The task -> Your answer must be the exact lines of the listing below that run from the line with "Eso tiene Veterano, Veterano" to the line with "Perfume bottle with", ends included, and no pictures.

+++ Provided data

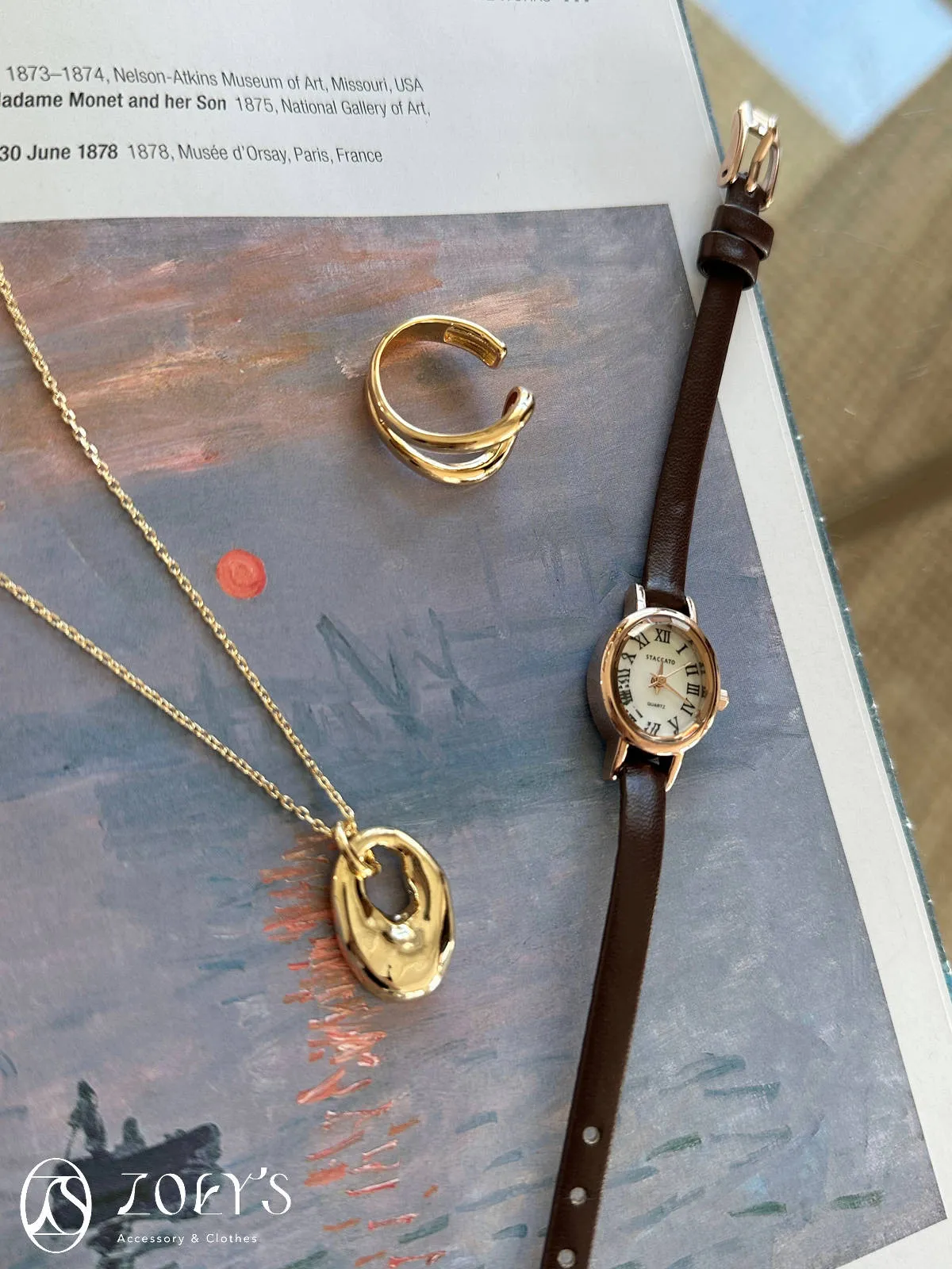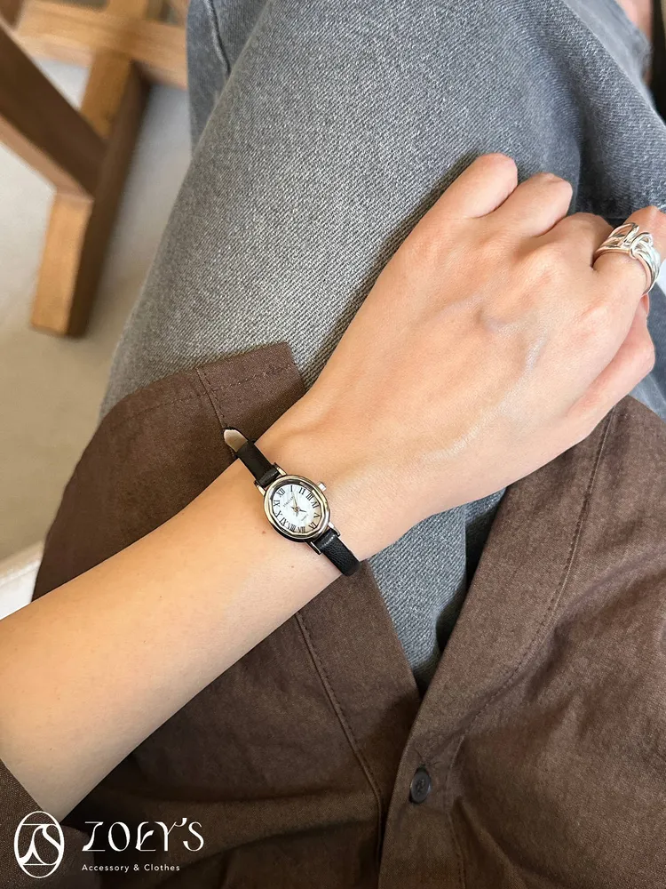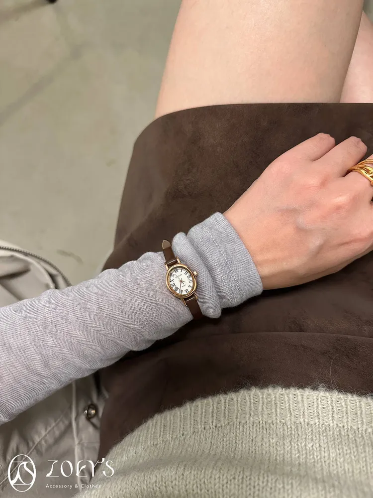 韓國品牌STACCATO 切面橢圓真皮錶 現貨黑/深咖
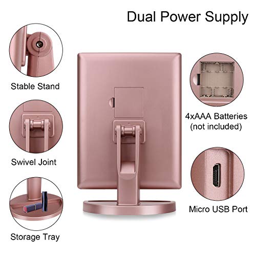 - Dual power supply modes:Operated by Micro USB cable supply or 4AAA batteries( battery not included, usb wire included) , pls noted the mirror can't store power by itself, you can't charge the batteries too.
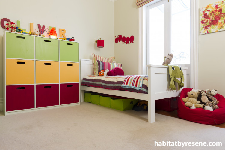 It wasn’t until Oliver (now four) and two-year-old Amelia came along that a love of bright colours came to the fore. In their room, a drawer unit glows with green Resene Sushi, orange Resene Carpe Diem and red Resene Pohutukawa. Even Oliver’s baby feet were used to create the art that hangs opposite his bed. Says Nancy: “I put him in his baby bouncer, dipped his feet in a colour and let him bounce to his heart’s content. When there was enough of one colour on the canvas I’d wipe his feet, dip them in the next one and away he’d go.”
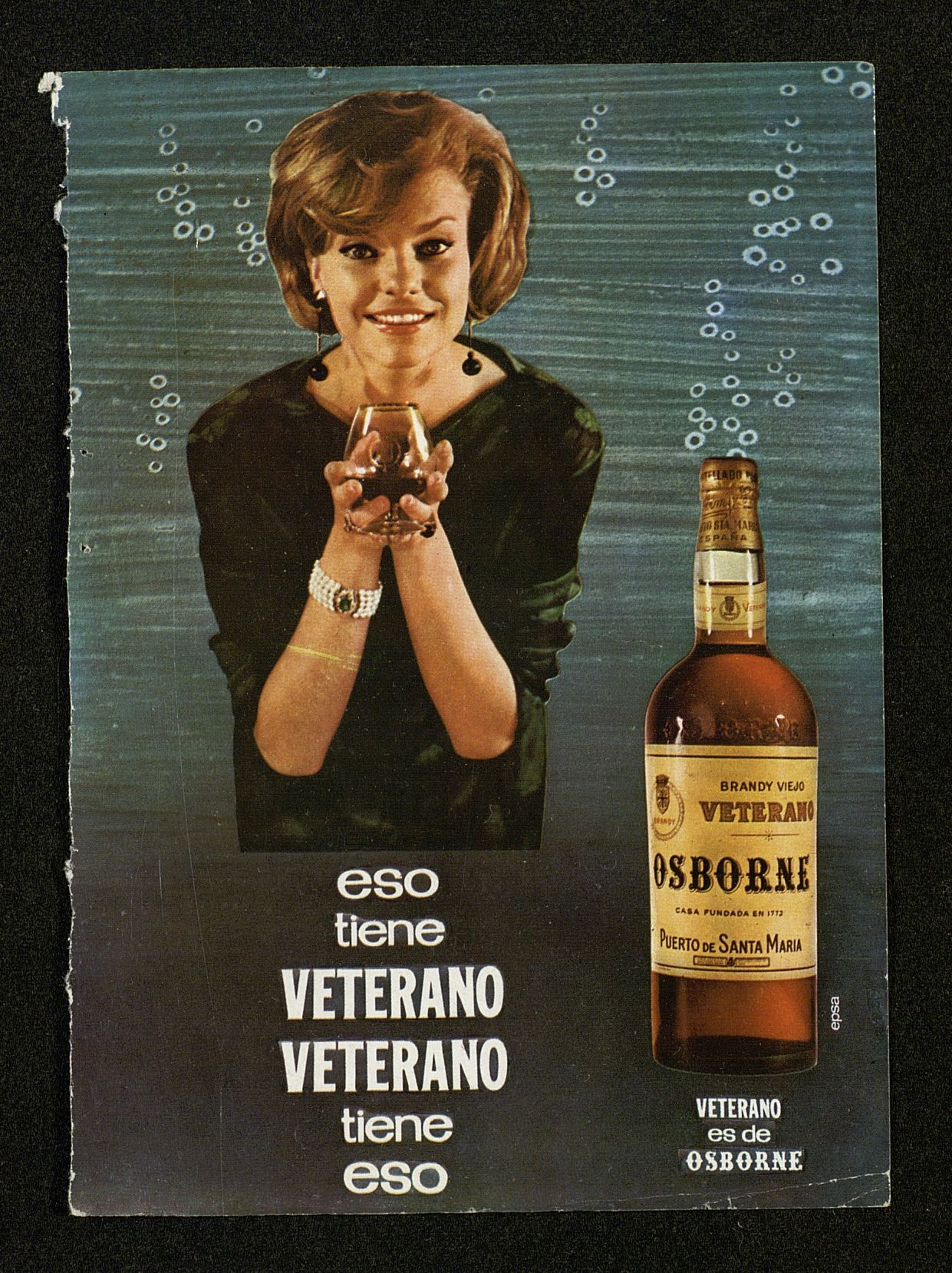 Eso tiene Veterano, Veterano tiene eso. Elena Balduque y botella de Veterano
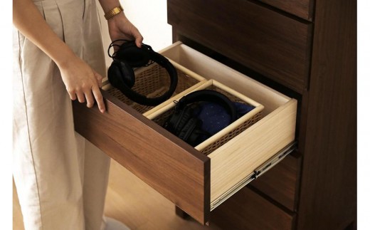 深さの異なる引出しを4杯設けているためさまざまな収納物に対応します。
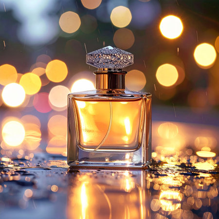 Perfume bottle with aromatic floral scent, luxury fragrance for women
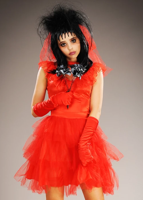 This gorgeous Lydia Red Dead Bride costume is perfect for a Beetlejuice fan and includes a short bright red lace bride dress with a feature bow on the back and a red lace veil.
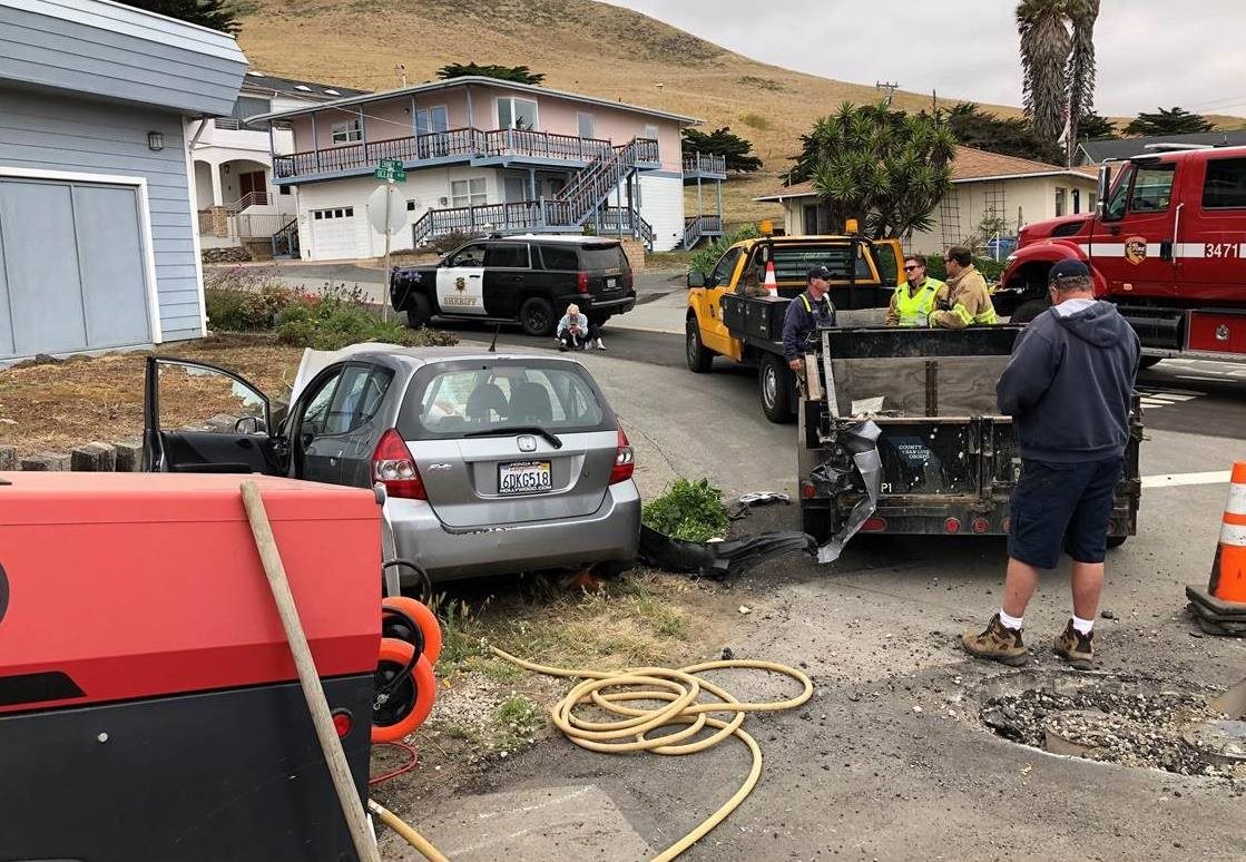 The crew members were working on a water line at the intersection of Chaney Avenue and Ocean Boulevard in Cayucos when they were struck by a vehicle that swerved off Highway 1.

++++++

Response area ->
 Eso tiene Veterano, Veterano tiene eso. Elena Balduque y botella de Veterano
 深さの異なる引出しを4杯設けているためさまざまな収納物に対応します。
 Perfume bottle with aromatic floral scent, luxury fragrance for women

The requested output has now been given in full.